When the accumulated score is increasing at a high rate (closer to a 45 degree angle), that means most anomaly scores are high and the sequential predictability is low. However when the accumulated score is increasing at a low rate (closer to flat-lining) it means that predictability has emerged. The slope will always start out at 45 degree since the model hasn’t learned anything yet, but it may level off. Looking at this slope of the accumulated anomaly scores helps me get a clearer picture of the predictability – but it’ll need its own plot separate from the likelihood – since its not bound within 0 to 1 as the raw scores are.
If that would be the case shouldn’t the anomaly be signaled continuously? Anomaly I think is a significant difference between predicted next value and actual value
I think I explained bad myself. I have actually trained on the bits I do not want to flag (the interictal datachunk) and then I have turned off learning and introduced the signal with seizures. What I do not understand is why is the model not detecting seizures as anomalous if theoretically it has never seen them.
Is it possible that the model parameters must be tuned when learning is turned off? Which would be the sense?
I have tried the same procedure with another dataset, and when disabling learning and introducing a dataset with a seizure the anomaly scores seem to increase when detecting the seizure but the anomaly likelihood does not:
I don’t think so. First of all, there is no gradient descent in HTM. The rough equivalent to “ANN update of weights” in HTM is the update of permanence values and this happens in real-time, as in every time it ingests an input assuming HTM learning is on. SGD has a similarity with HTM in the sense that it updates its permanence (weights in ANN) for every input it ingests.
Yes it is constantly learning and adjusting assuming that HTM learning is on. Anomalies and non-anomalies mean nothing to TP but they are interpretation of TP’s output. AFAIK an anomaly is calculated outside TP computation and it’s a probabilistic score.

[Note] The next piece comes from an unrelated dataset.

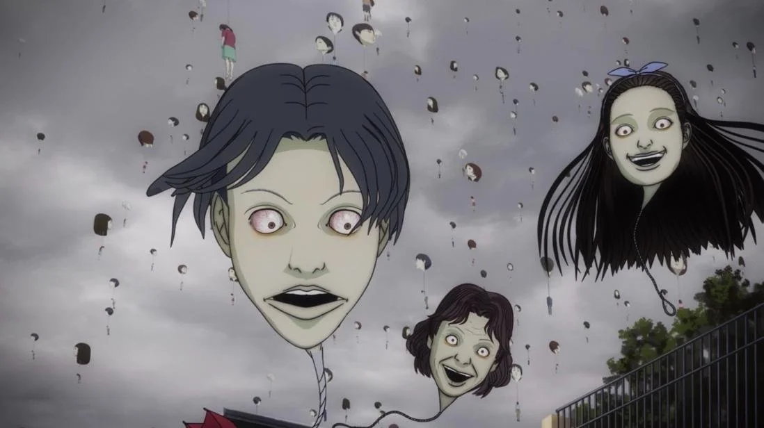 This is perhaps one of my favourites of the series; I was instantly sucked into the tragic story from the beginning. Japanese idol Terumi Fujino seemingly commits suicide, and the episode raises questions about the trauma of suicide, idol worship, and mass hysteria. Balloon-shaped human heads with a hanging noose at the end of torment a city and lead to the mass suicide/murders of everyone in the affected area. The heads are of actual people who live in the town, track them down, and hang them. The hellish imagery of head-shaped balloons that hang people is the stuff made of nightmares and classic Ito. This story made me nostalgic for Ito’s classic mangas.

Yep, more precisely a high anomaly score is simply a result of differences between predicted input and actual input. The two SDRs have low overlap.
Once TP learns how to predict an event that in the past was anomalous (== unpredicted) then it is no longer an anomaly.
Temporal memory has no concept nor way on how to distinguish seizures from other (anomalous or not) data. Its sole purpose is to predict the next input.
If you want to anticipate seizures you-re better off training an online SDR Classifier over the temporal pooler (aka temporal memory) activation states and tell it which states preceded a seizure and which not.
Yes it requires some supervision but it still can be done online. And allegedly TM is significantly more sample efficient than a NN based predictor.
If it’s pure noise yes, the anomaly score would be 1.0 at every time step.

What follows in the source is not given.